_The task_. Exclude the pictures, then restate every entry below exactly.

--- START ---

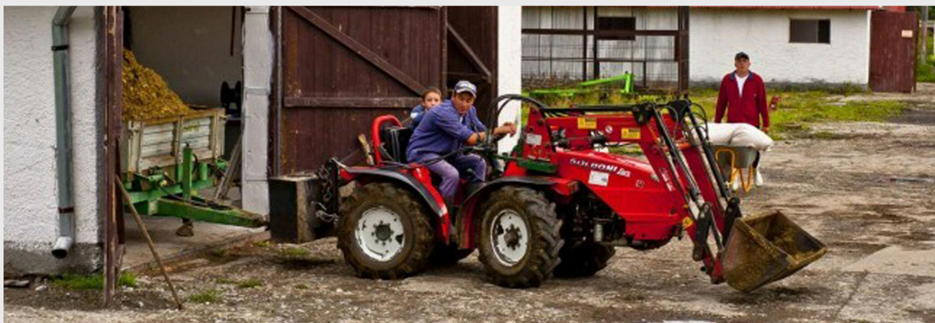
Cofinanțarea proiectelor depuse pe Măsura 121 - „Modernizarea exploatațiilor agricole” va putea fi asigurată prin accesarea microcreditelor
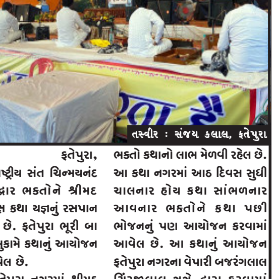
તસ્વીર : સંજય કલાલ, ફતેપુરા

ફતેપુરા, રાષ્ટ્રીય સંત ચિન્મયનંદ બાપુ હરિદ્વાર ભકતોને શ્રીમદ ભાગવત મોક્ષ કથા ચંચાનું રસપાન કરાવી રહેલ છે. ફતેપુરા ભૂરી બાપુ પ્લોટ મુકામે કથાનું આયોજન કરવામાં આવેલ છે.
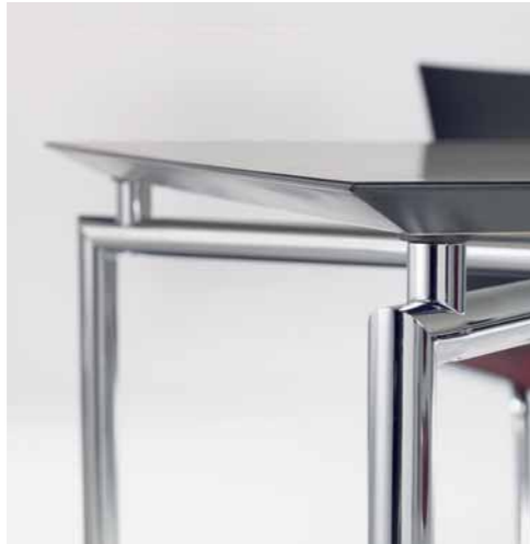
Klöber Carrée car28 Konferenz-Tisch. Gestell verchromt. Köber Carrée car28 conference table. Chrome-plated frame.
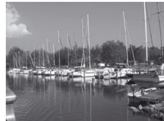
A yacht kikötő

Amatőr: 1. Lonka – Cseh-Bodnár Zsanett, 2. Zsó – Wéber Antal.
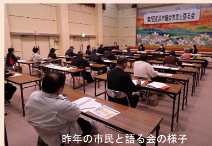
昨年の市民と語る会の様子
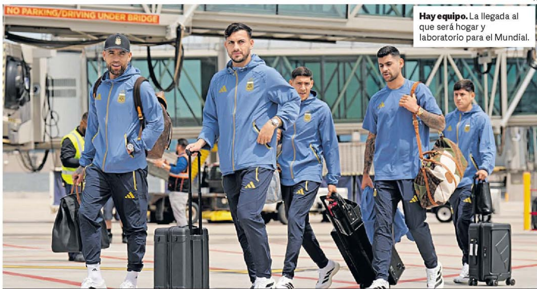
Hay equipo. La llegada al que será hogar y laboratorio para el Mundial.

El ejército israelí tomó un estratégico castillo medieval ubicado en la cima de un cerro en el sur del país, el mayor avance en territorio libanés en 26 años. En paralelo, el presidente de EE.UU. reenvió a los iraníes una propuesta de acuerdo de paz con condiciones más duras que las contenidas en los borradores anteriores. Irán pidió que se respeten sus "derechos". P.28
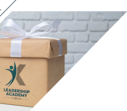
Kit de Bienvenida.*

¡Este 2025, los próximos grandes líderes se formarán en Panamá!
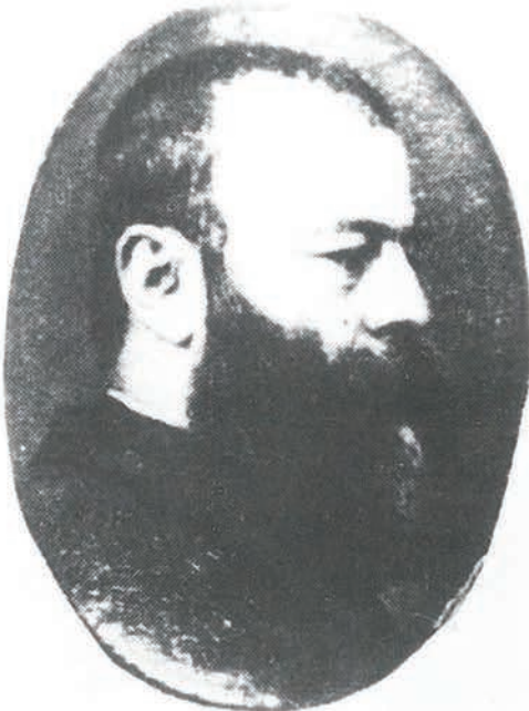
Federico Rubio y Gali (1827-1902).
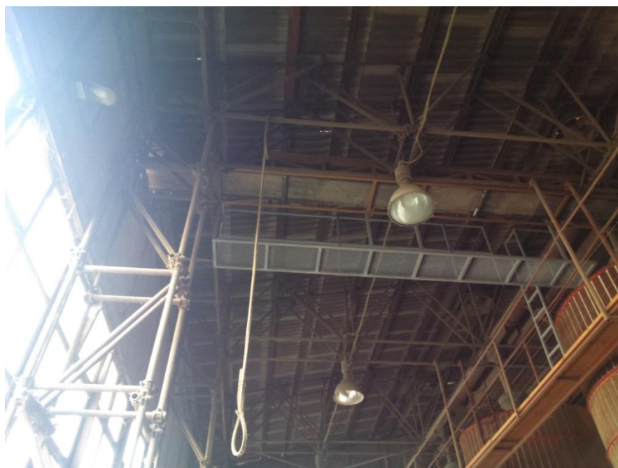
Slika 7. Traka od elevatora do trake koja raspoređuje klip u koševima

Pri vrhu elevatora počinje beskrajna traka (Slika 7.) koja nosi kukuruz od elevatora do trake koja raspoređuje kukuruz po koševima za sušenje (Slike 8. i 9.).
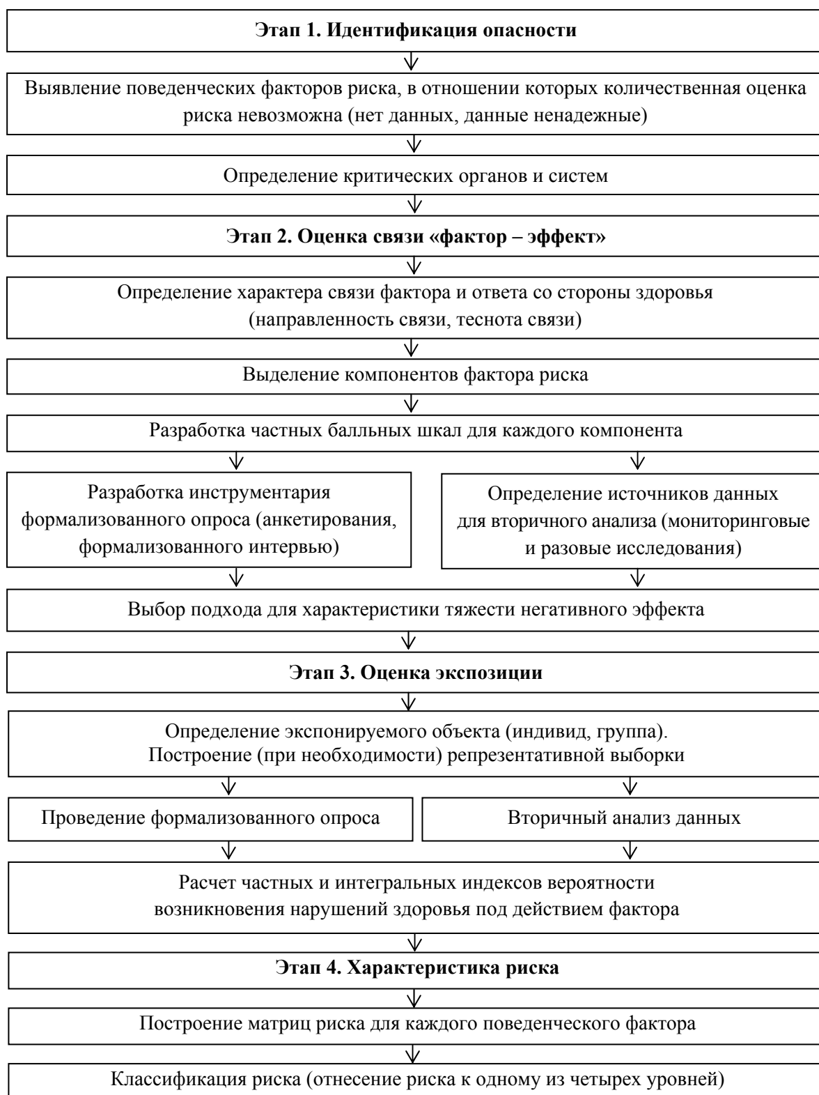
Рис. 1. Алгоритм полуколичественной оценки риска, связанного с воздействием поведенческих факторов на здоровье населения

В России специальных систематических исследований поведенческих факторов риска здоровью на национальном уровне не проводится. Некоторые выводы об особенностях об-
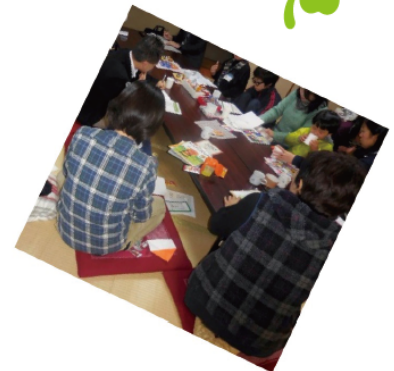
小さい子どもさん連れも参加。学校での手続きのことなど、これからのことをいろいろ聞くことができました
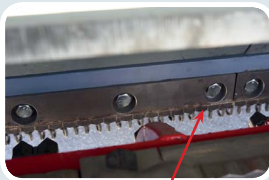
Primera etapa de trituración con piezas de carburo de tungsteno.
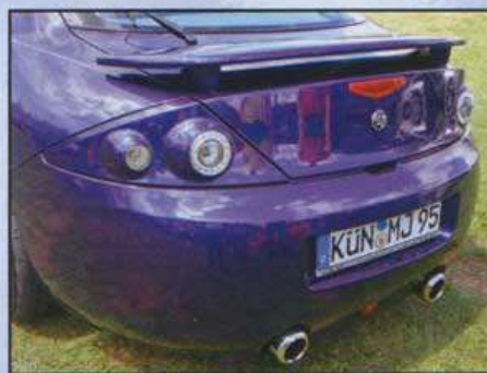
Heckschürze nach Maß
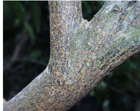
マルカイガラムシ類
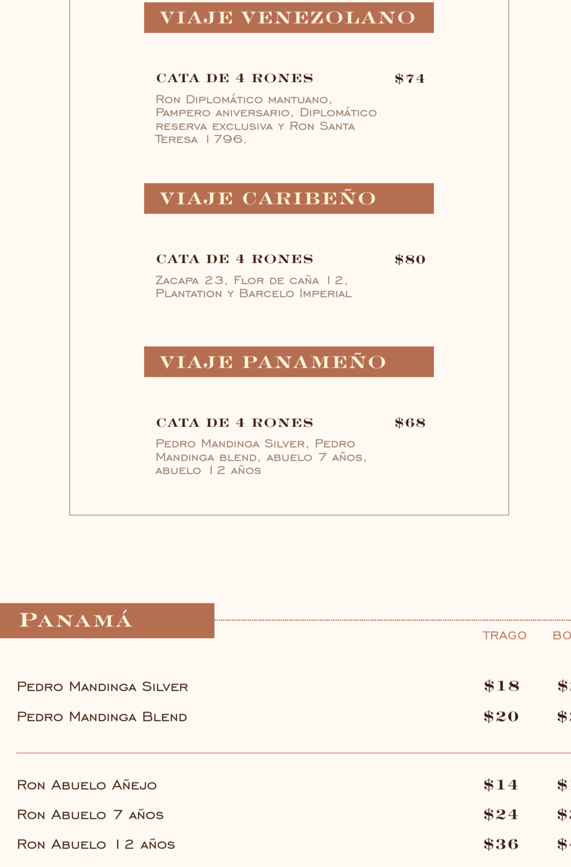
PEDRO MANDINGA BLEND
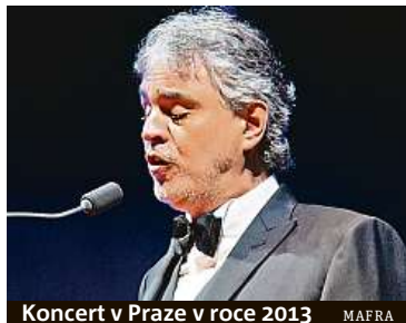
Koncert v Praze v roce 2013

„Kdyby bůh měl hlas, byl by to hlas Andrea Bocelliho,“ řekla zpěvačka Céline Dionová.
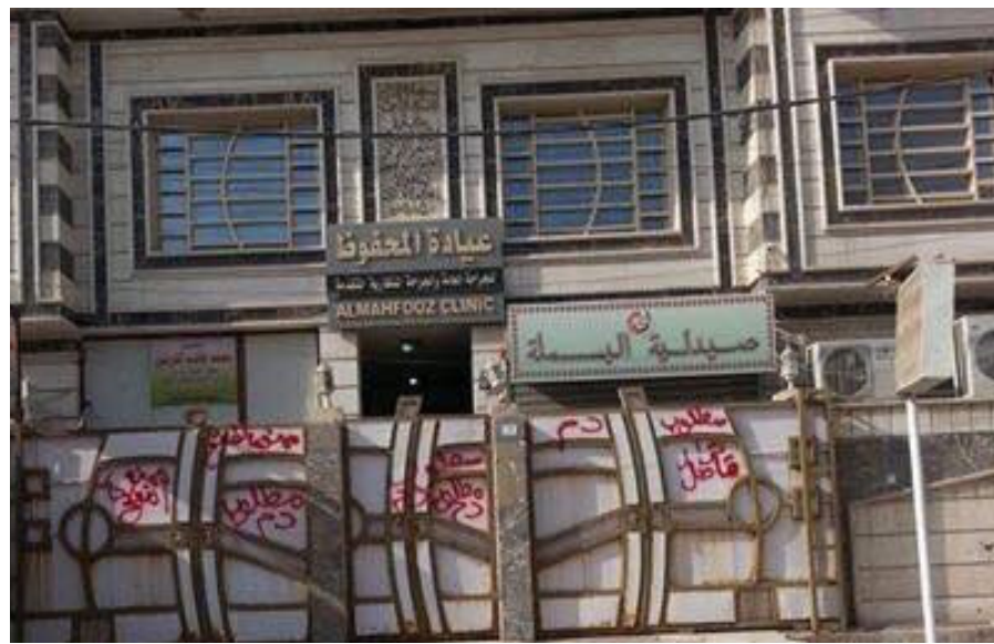
بغداد- العراق الاخبارية

يشار الى ان الكوادر الطبية تعرضت لعدة اعتداءات في بغداد والمحافظات على ايدي ذوي المرضى المتوفون خلال العمليات الجراحية، وتعرض الكثير من الاطباء الى «الكوامة» العشائرية في حين طالبت تلك الكوادر بحمايتها من هذه الظاهرة الاجتماعية التي قد تؤدي الى هجرة الاطباء ."
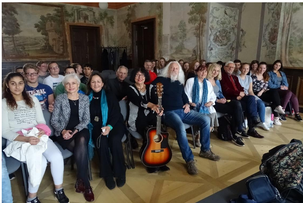
Obr. č. 1 - Dny poezie v Broumově 2018
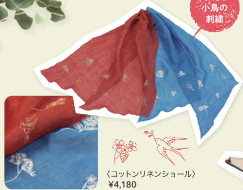
〈コットンリネンショール〉 ¥4,180
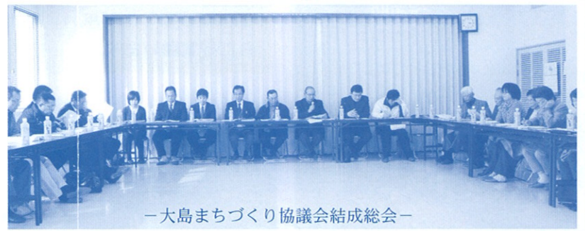
大島まちづくり協議会結成総会

「笠岡市は、住民同士が話し合いで地域課題に対処する地縁組織「まちづくり協議会」の設立を市内全24地区に呼びかけている。」これは、今月はじめに掲載された山陽新聞の記事の1部です。笠岡市は、平成24年度中に全地区設立を目標にして、すでに、陶山・白石島・新山・番町・神島などモデル地区に指定し、準備が進められています。そこで、このたび、大島地区もモデル地区の仲間入りをさせていただきました。今年度は、取り急ぎ体制づくりに取り組んでいます。「笑顔のおおしま」「みんなが主役のおおしま」をモットーに「大島まちづくり協議会」が立ち上がりました。

--- END ---

_Completed task_.
Cofinanțarea proiectelor depuse pe Măsura 121 - „Modernizarea exploatațiilor agricole” va putea fi asigurată prin accesarea microcreditelor
તસ્વીર : સંજય કલાલ, ફતેપુરા

ફતેપુરા, રાષ્ટ્રીય સંત ચિન્મયનંદ બાપુ હરિદ્વાર ભકતોને શ્રીમદ ભાગવત મોક્ષ કથા ચંચાનું રસપાન કરાવી રહેલ છે. ફતેપુરા ભૂરી બાપુ પ્લોટ મુકામે કથાનું આયોજન કરવામાં આવેલ છે.
Klöber Carrée car28 Konferenz-Tisch. Gestell verchromt. Köber Carrée car28 conference table. Chrome-plated frame.
A yacht kikötő

Amatőr: 1. Lonka – Cseh-Bodnár Zsanett, 2. Zsó – Wéber Antal.
昨年の市民と語る会の様子
Hay equipo. La llegada al que será hogar y laboratorio para el Mundial.

El ejército israelí tomó un estratégico castillo medieval ubicado en la cima de un cerro en el sur del país, el mayor avance en territorio libanés en 26 años. En paralelo, el presidente de EE.UU. reenvió a los iraníes una propuesta de acuerdo de paz con condiciones más duras que las contenidas en los borradores anteriores. Irán pidió que se respeten sus "derechos". P.28
Kit de Bienvenida.*

¡Este 2025, los próximos grandes líderes se formarán en Panamá!
Federico Rubio y Gali (1827-1902).
Slika 7. Traka od elevatora do trake koja raspoređuje klip u koševima

Pri vrhu elevatora počinje beskrajna traka (Slika 7.) koja nosi kukuruz od elevatora do trake koja raspoređuje kukuruz po koševima za sušenje (Slike 8. i 9.).
Рис. 1. Алгоритм полуколичественной оценки риска, связанного с воздействием поведенческих факторов на здоровье населения

В России специальных систематических исследований поведенческих факторов риска здоровью на национальном уровне не проводится. Некоторые выводы об особенностях об-
小さい子どもさん連れも参加。学校での手続きのことなど、これからのことをいろいろ聞くことができました
Primera etapa de trituración con piezas de carburo de tungsteno.
Heckschürze nach Maß
マルカイガラムシ類
PEDRO MANDINGA BLEND
Koncert v Praze v roce 2013

„Kdyby bůh měl hlas, byl by to hlas Andrea Bocelliho,“ řekla zpěvačka Céline Dionová.
بغداد- العراق الاخبارية

يشار الى ان الكوادر الطبية تعرضت لعدة اعتداءات في بغداد والمحافظات على ايدي ذوي المرضى المتوفون خلال العمليات الجراحية، وتعرض الكثير من الاطباء الى «الكوامة» العشائرية في حين طالبت تلك الكوادر بحمايتها من هذه الظاهرة الاجتماعية التي قد تؤدي الى هجرة الاطباء ."
Obr. č. 1 - Dny poezie v Broumově 2018
〈コットンリネンショール〉 ¥4,180
大島まちづくり協議会結成総会

「笠岡市は、住民同士が話し合いで地域課題に対処する地縁組織「まちづくり協議会」の設立を市内全24地区に呼びかけている。」これは、今月はじめに掲載された山陽新聞の記事の1部です。笠岡市は、平成24年度中に全地区設立を目標にして、すでに、陶山・白石島・新山・番町・神島などモデル地区に指定し、準備が進められています。そこで、このたび、大島地区もモデル地区の仲間入りをさせていただきました。今年度は、取り急ぎ体制づくりに取り組んでいます。「笑顔のおおしま」「みんなが主役のおおしま」をモットーに「大島まちづくり協議会」が立ち上がりました。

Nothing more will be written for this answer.